Torniamo in "Piazza Nuova"  usando il nome che abbiamo letto nelle mappe precedenti e cercheremo di restare in tema.

La località dove sorge la piazza era abitata fino dai tempi antichi come confermano reperti databili al primo secolo d.C.

La chiesa ora chiamata "chiesa del Gesù e dei Santi Ambrogio e Andrea ha anch'essa una storia antica in quanto costruita dal clero milanese fuggito a Genova nel 569 d.C. per evitare le persecuzioni longobarde.

La cattività genovese durò fino alla metà del VII secolo e la presenza dei milanesi in città necessitò di una chiesa che fu costruita nel loro quartiere e intitolata a sant'Ambrogio.

L'edificio passò poi nelle mani dei Gesuiti, giunti a Genova nel 1522, che la ristrutturarono fino alla forma attuale che risale al 1589 arricchendola di pregevoli capolavori.
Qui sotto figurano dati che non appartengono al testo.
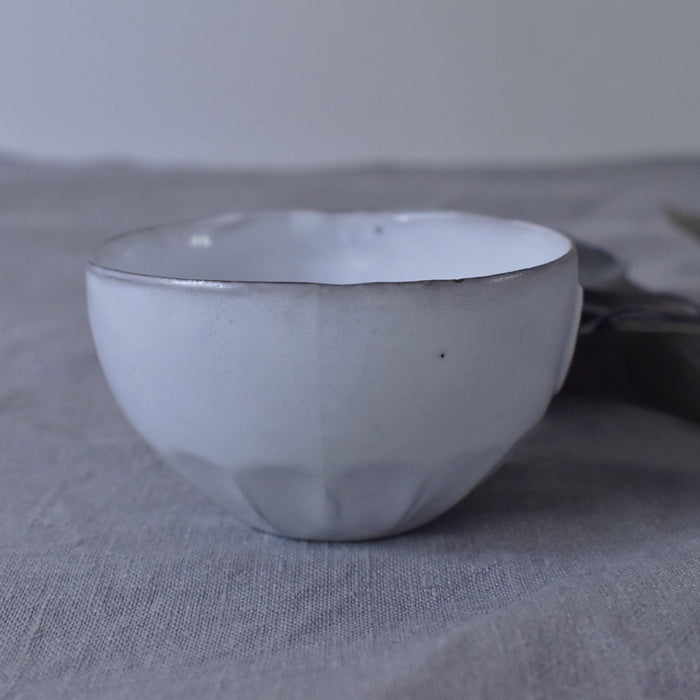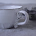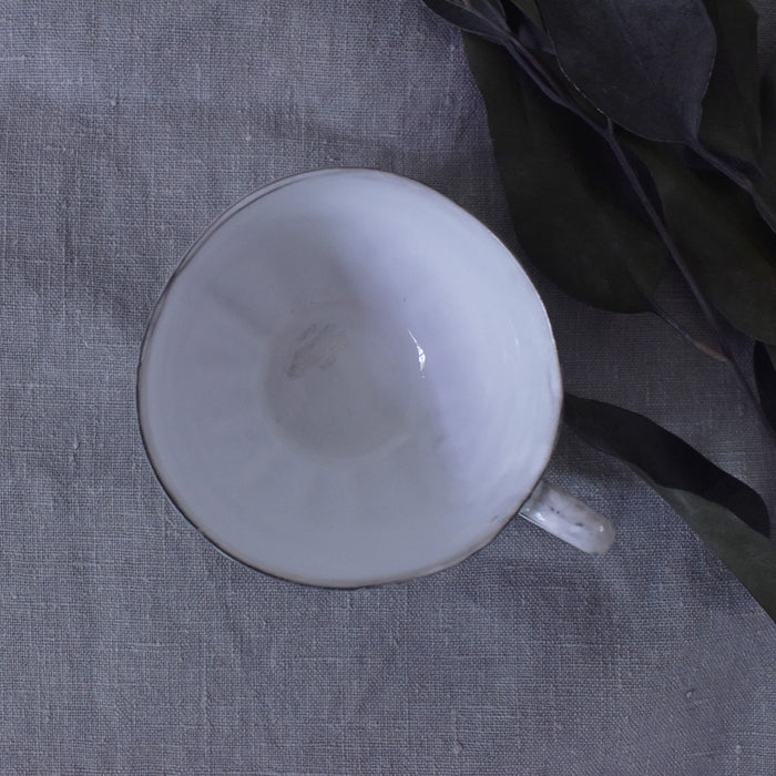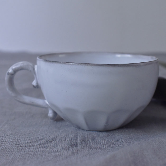 すぼまった底から、エレガントな印象を受けます。取っ手の部分が広く持ちやすいため、使い勝手も良いです。純白の釉薬から透けて見える土の色が素敵です。いくつか揃えて、ご家族やお友達とのティータイムにいかがでしょうか。

Qui abbiamo la chiesa  ed un angolo del Palazzo Ducale nel 1904.  A destra notiamo i vecchi palazzi demoliti  agli inizi del 1900 per far posto alla Via di Porta Soprana.
Ci mettiamo solo una foto perché la chiesa merita un post a parte, tutto suo, che trovate altrove.

cartolina -  ed.  non rilevato - sped. 1904

Anche del palazzo Ducale abbiamo parlato in un post a parte, qui ci limiteremo a pochi cenni indispensabili.
La costruzione del Palazzo Ducale ha inizio  alla fine del XIII secolo, all'apice della potenza militare della Repubblica, vittoriosa nel 1284 sui Pisani alla Meloria e sui Veneziani nel 1298 a Curzola.

Giunto alla nostra epoca attraverso numerose ristrutturazioni, ha da sempre l'entrata principale su piazza Matteotti e quella secondaria su Piazza De Ferrari.
Il palazzo era inoltre chiuso da una "cortina"  che ne limitava l'accesso dalla parte di Piazza Matteotti. Detta cortina fu demolita nel corso della creazione della già citata "strada Carlo Alberto" nel tratto di via S. Lorenzo, dando alla piazza la sua forma attuale.

cartolina - ed.  Dellepiane - sped 1907




 Agli inizi del XX secolo Piazza Nuova  fu ribattezzata Piazza Umberto I in onore del re d'Italia, come vediamo nella cartolina che segue, che non siamo riusciti a datare ma che si colloca senz'altro più vicina alla prima che alla seconda guerra mondiale.

cartolina -  ed. Alterocca Terni non circolata

Anche via San Lorenzo, che si intravede nella immagine precedente, deve la sua forma attuale alla costruzione della Strada carreggiabile Carlo felice del 1840.



La Cattedrale di S.Lorenzo è stata consacrata nel 1118 sul luogo dove sorgeva un cimitero con una cappella dedicata al Santo.
Questa è la versione della facciata realizzata nella metà del XIX secolo

da Genova Antica e Dintorni ed. Mondani

Questa invece è l'odierna versione  della facciata , dopo l'ultimo restauro che ha eliminato il terrazzino che univa la loggia al campanile.

2013 - foto degli autori


Anche  alle vicende di  San Lorenzo è stato dedicato un apposito post.